▸ EXERCISE GOAL: Copy each line, word for word, from the one with "TEMU 플러스 사이즈" through the final line of the listing, but skip the pictures.

▸ TASK INPUTS:
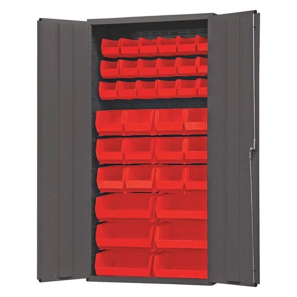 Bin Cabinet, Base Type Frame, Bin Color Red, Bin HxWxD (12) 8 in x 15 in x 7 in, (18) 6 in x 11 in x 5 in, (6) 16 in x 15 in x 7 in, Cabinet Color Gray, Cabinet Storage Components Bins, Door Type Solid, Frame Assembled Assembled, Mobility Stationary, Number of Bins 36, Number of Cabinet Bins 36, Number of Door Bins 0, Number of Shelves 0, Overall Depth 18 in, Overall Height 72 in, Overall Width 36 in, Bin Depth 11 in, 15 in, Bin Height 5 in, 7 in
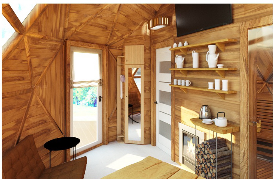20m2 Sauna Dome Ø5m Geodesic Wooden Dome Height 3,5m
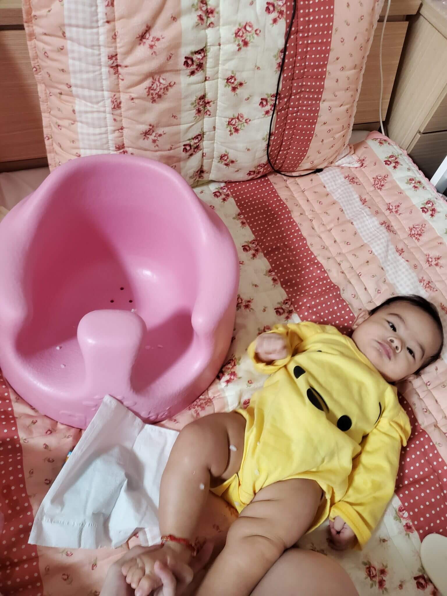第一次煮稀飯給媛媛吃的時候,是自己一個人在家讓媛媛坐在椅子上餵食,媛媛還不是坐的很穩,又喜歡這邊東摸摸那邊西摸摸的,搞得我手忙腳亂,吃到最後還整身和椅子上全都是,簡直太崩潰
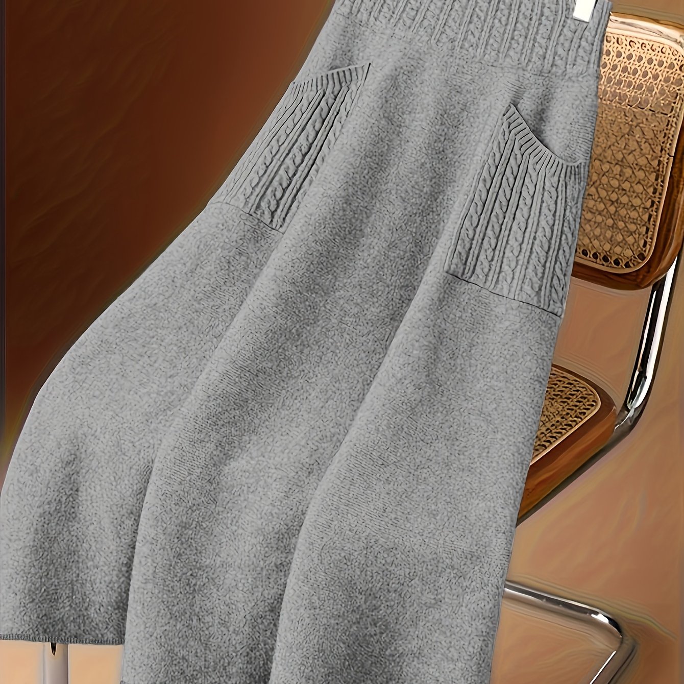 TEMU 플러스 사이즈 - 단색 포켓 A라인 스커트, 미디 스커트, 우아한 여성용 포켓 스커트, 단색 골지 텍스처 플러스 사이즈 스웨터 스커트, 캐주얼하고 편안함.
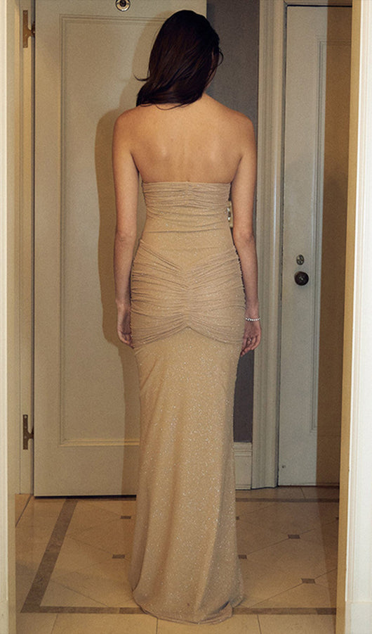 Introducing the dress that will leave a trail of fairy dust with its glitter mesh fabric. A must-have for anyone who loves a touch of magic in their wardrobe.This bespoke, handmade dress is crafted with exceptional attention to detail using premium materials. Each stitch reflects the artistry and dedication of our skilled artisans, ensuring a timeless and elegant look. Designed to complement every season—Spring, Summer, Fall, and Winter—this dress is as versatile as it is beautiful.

▸ SOLUTION TO THE PROBLEM:
 TEMU 플러스 사이즈 - 단색 포켓 A라인 스커트, 미디 스커트, 우아한 여성용 포켓 스커트, 단색 골지 텍스처 플러스 사이즈 스웨터 스커트, 캐주얼하고 편안함.
 Introducing the dress that will leave a trail of fairy dust with its glitter mesh fabric. A must-have for anyone who loves a touch of magic in their wardrobe.This bespoke, handmade dress is crafted with exceptional attention to detail using premium materials. Each stitch reflects the artistry and dedication of our skilled artisans, ensuring a timeless and elegant look. Designed to complement every season—Spring, Summer, Fall, and Winter—this dress is as versatile as it is beautiful.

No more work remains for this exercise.